The problem. Your answer should give again, exactly, the lines from the beginning of the entries below through the line containing "A ház vasalt, szigetelt". It must contain no pictures.

Input records.
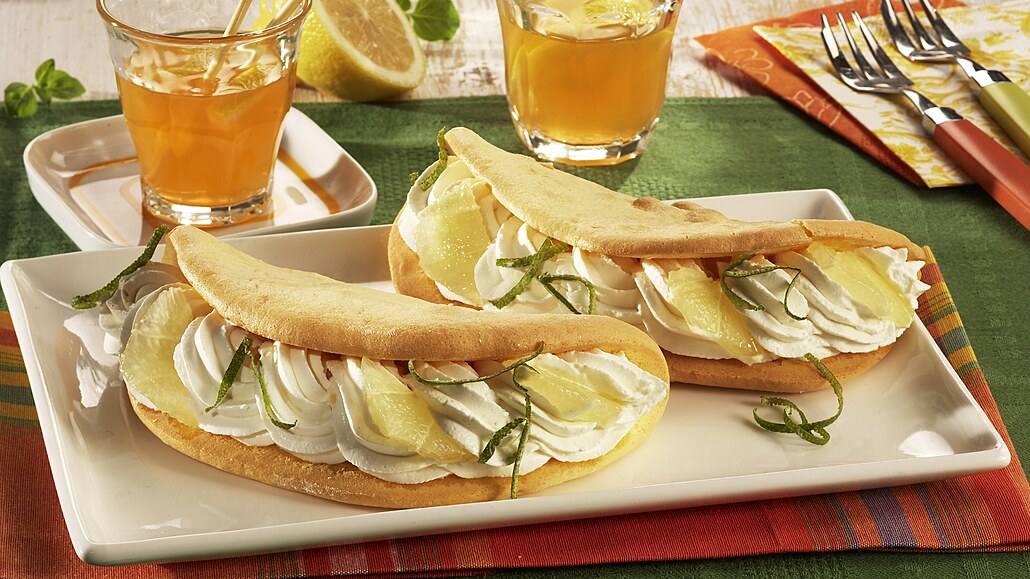 - Do tvarohu vmícháme sladidlo. Smetanu vyšleháme dotuha a přidáme ji k tvarohu. Náplň ochutíme šťávou a kůrou z citronu. Dáme ji do cukrářského sáčku s řezanou trubičkou a nastříkáme ji do omeletek. Ozdobíme je kousky citronu a nastrouhanou limetkovou kůrou.
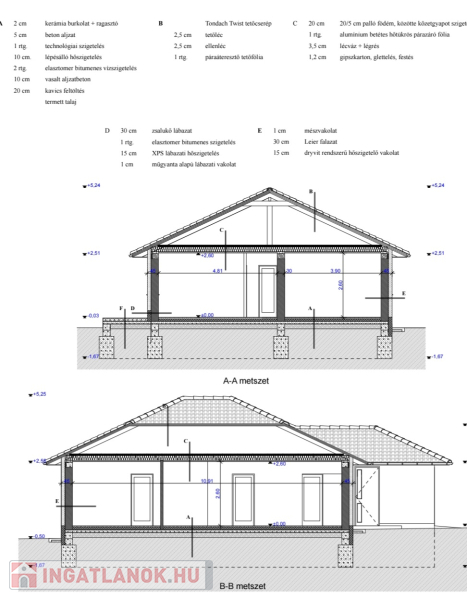 A ház vasalt, szigetelt beton sávalapra épül, 30-as Porotherm tégla tartófalakkal és 10-es Porotherm tégla, vakolt válaszfalakkal.
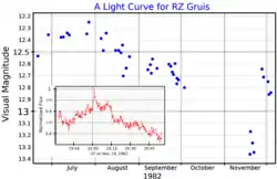 ![]() A visual band light curve for RZ Gruis. The main plot shows the long term variation, and the inset plot shows the short term variability. Adapted from Sickland et al. (1984)[1] | |
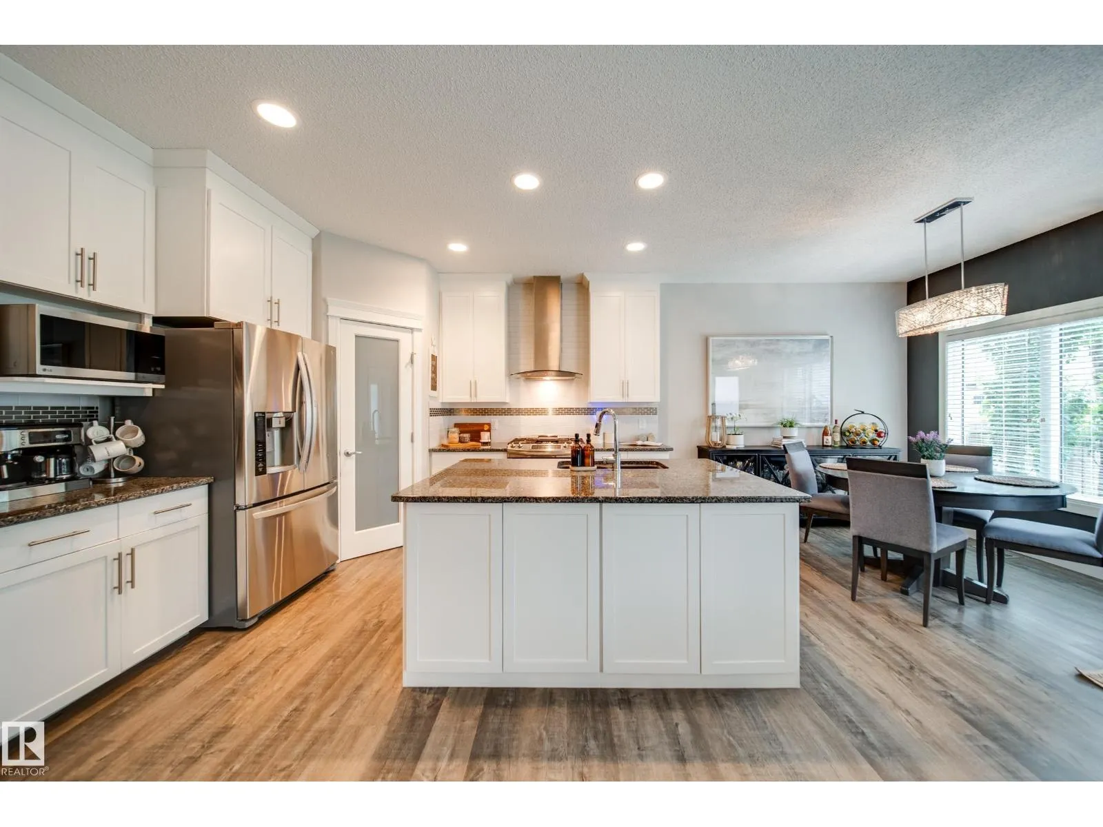 Located in one of Edmonton's most family friendly communities, this home delivers lifestyle & luxury in one perfect package - just a block from the Orchards Clubhouse w/AMENITIES:spray park,tennis,basketball courts,skating,garden, & party rooms for private events. Inside a thoughtfully designed 2000+ sqft layout offers 3+2 bedrms, 3.5 baths, & countless upgrades: newly painted throughout, NEW VINYL PLANK on all levels, NEW plush carpet on stairs, DOVETAIL cabinet drawers,built-in rubber gym floor, 9ft ceilings,built-in SPEAKERS w/bonus rm surround sound, AC,& HEATED garage. An open concept main floor impresses w/walkthru pantry from mudroom, chefâs kitchen w/GAS range & oversized island,dining rm overlooking a bright WEST facing yard (w/2 tiered rear deck), & a cozy living room w/GAS fireplace. Upstairs find 3 bedrms, 2 baths, laundry, & bonus rm, while the primary retreat ft. a WIC & 5pc ensuite. A FINISHED basemnt adds a 4th bedrm, full bath, & a 5th bedrm/den + a spacious family area for all to enjoy. (id:27476)
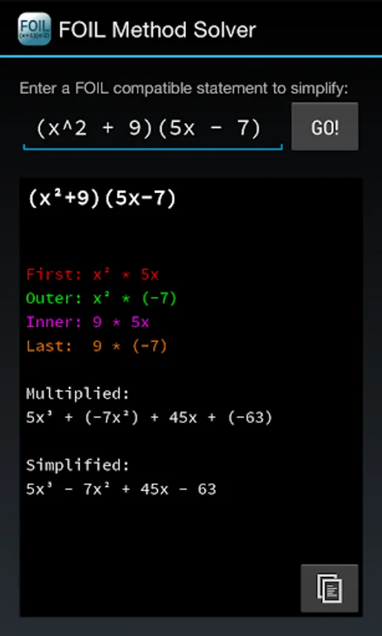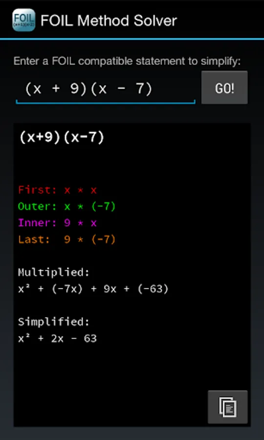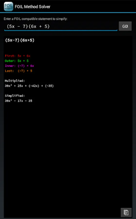 The FOIL method is a special case of a more general method for multiplying algebraic expressions using the distributive law. This app will only work in this special case.
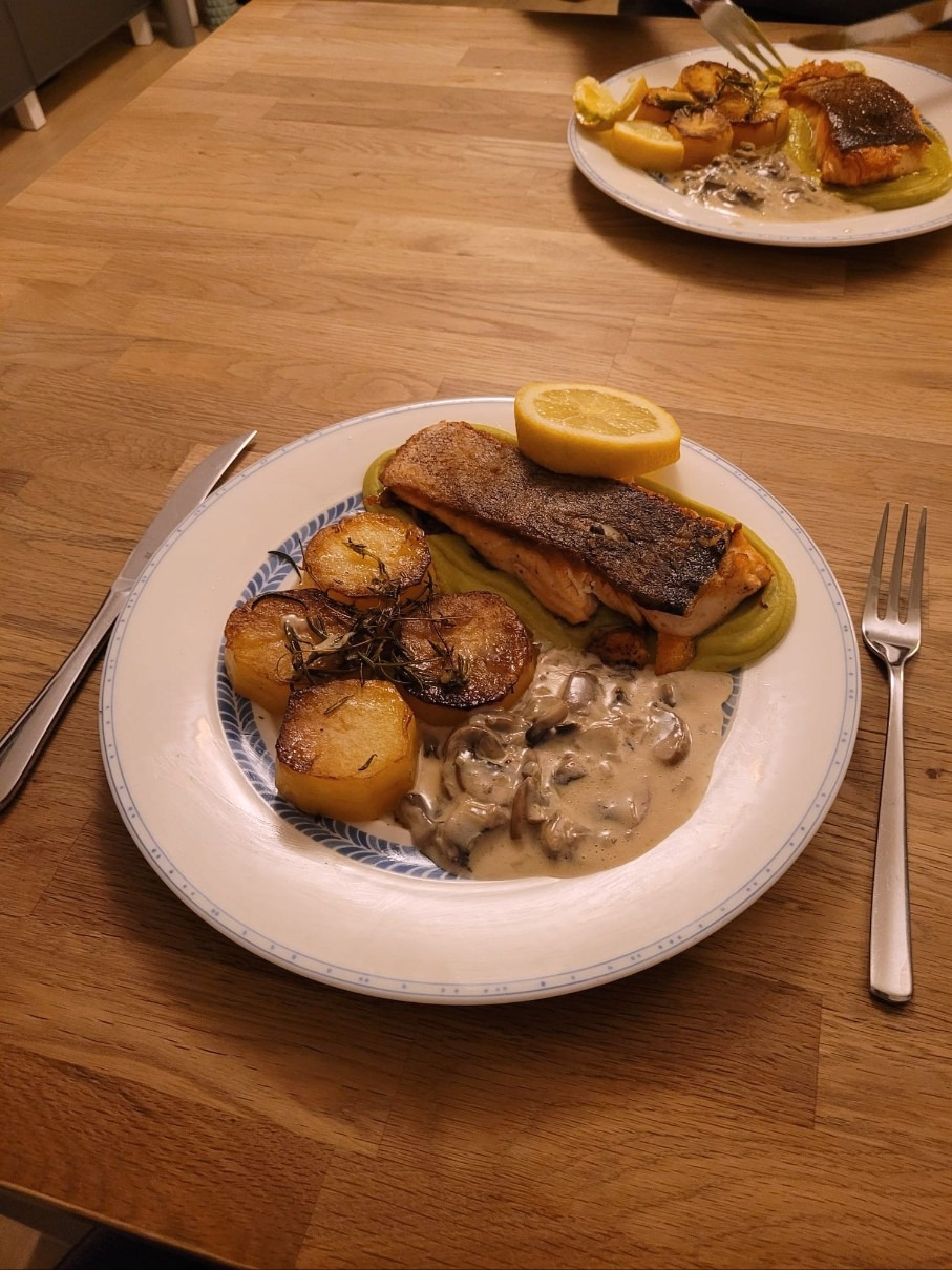 연어구이에 완두콩퓨레, 오븐감자와 버섯소스...
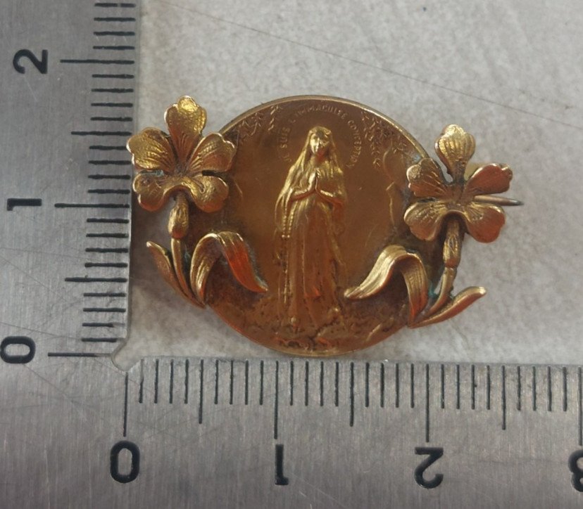 Ancienne broche religieuse, Vierge Marie, en plaqué or FIX, vintage
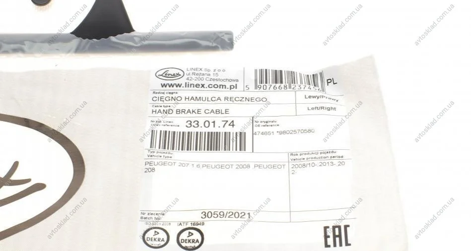 Трос ручного гальма LINEX 33.01.74
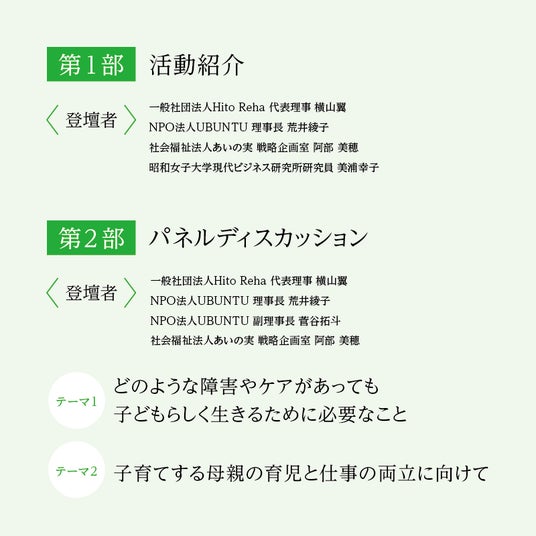 第2部では、パネルディスカッションとして「どのような障害やケアがあっても子どもらしく生きるために必要なこと」「子育てする母親の育児と仕事の両立に向けて」という2つのテーマで話をしていきます。登壇者は次の通りです。
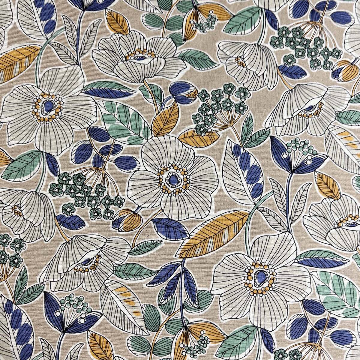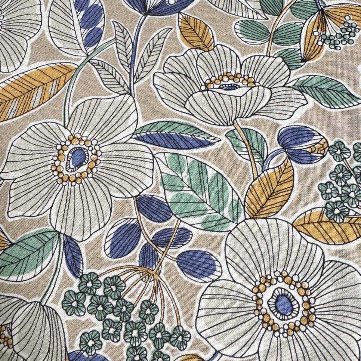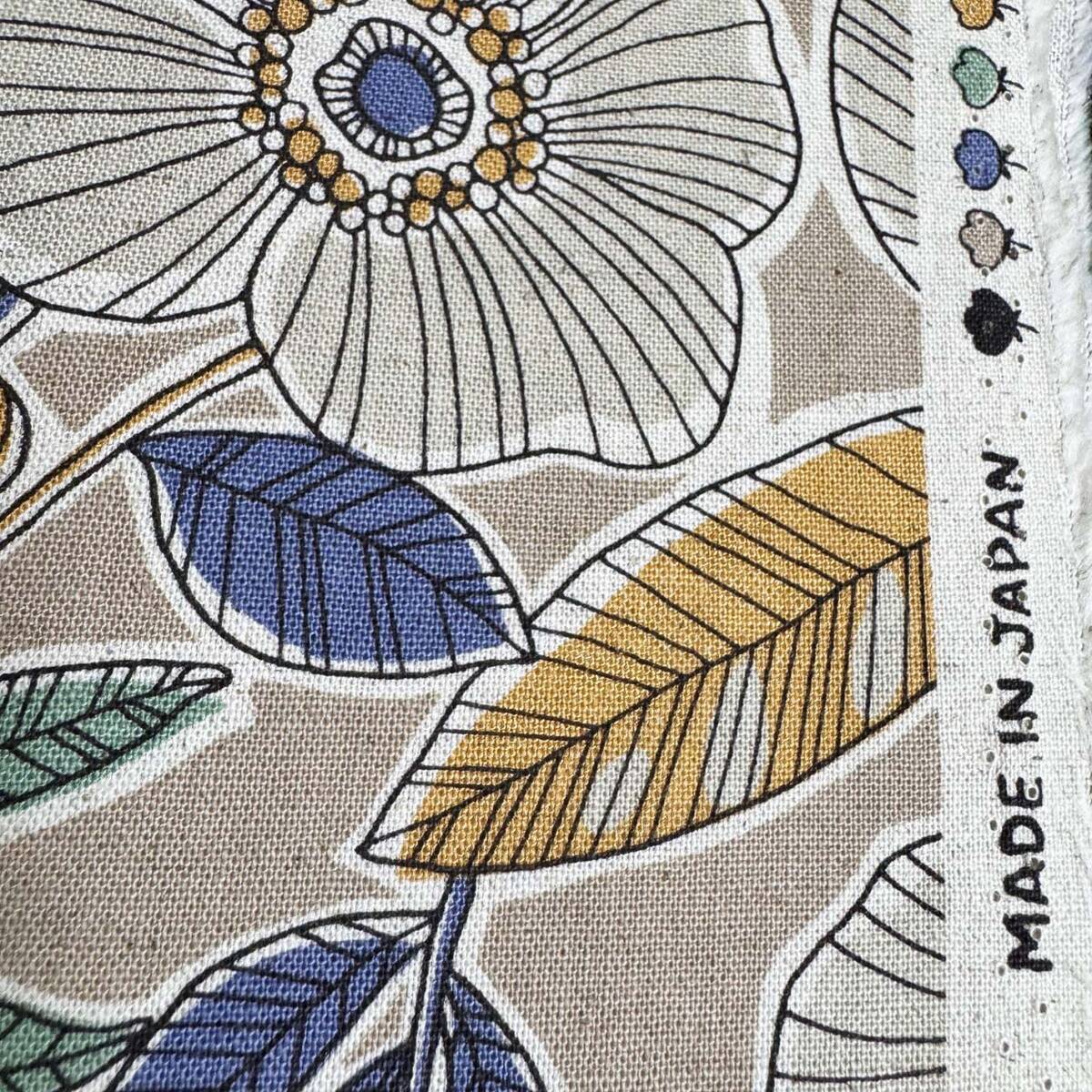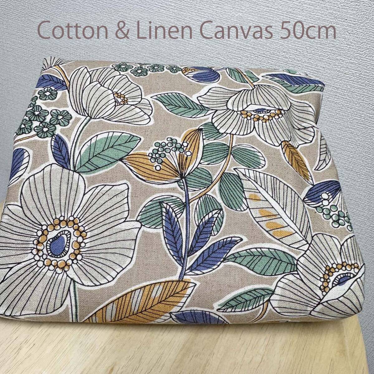 レトロ北欧調フラワー柄★綿麻キャンバス生地50cフォークロアテイスト★リーフ花柄

Answer area.
 - Do tvarohu vmícháme sladidlo. Smetanu vyšleháme dotuha a přidáme ji k tvarohu. Náplň ochutíme šťávou a kůrou z citronu. Dáme ji do cukrářského sáčku s řezanou trubičkou a nastříkáme ji do omeletek. Ozdobíme je kousky citronu a nastrouhanou limetkovou kůrou.
 A ház vasalt, szigetelt beton sávalapra épül, 30-as Porotherm tégla tartófalakkal és 10-es Porotherm tégla, vakolt válaszfalakkal.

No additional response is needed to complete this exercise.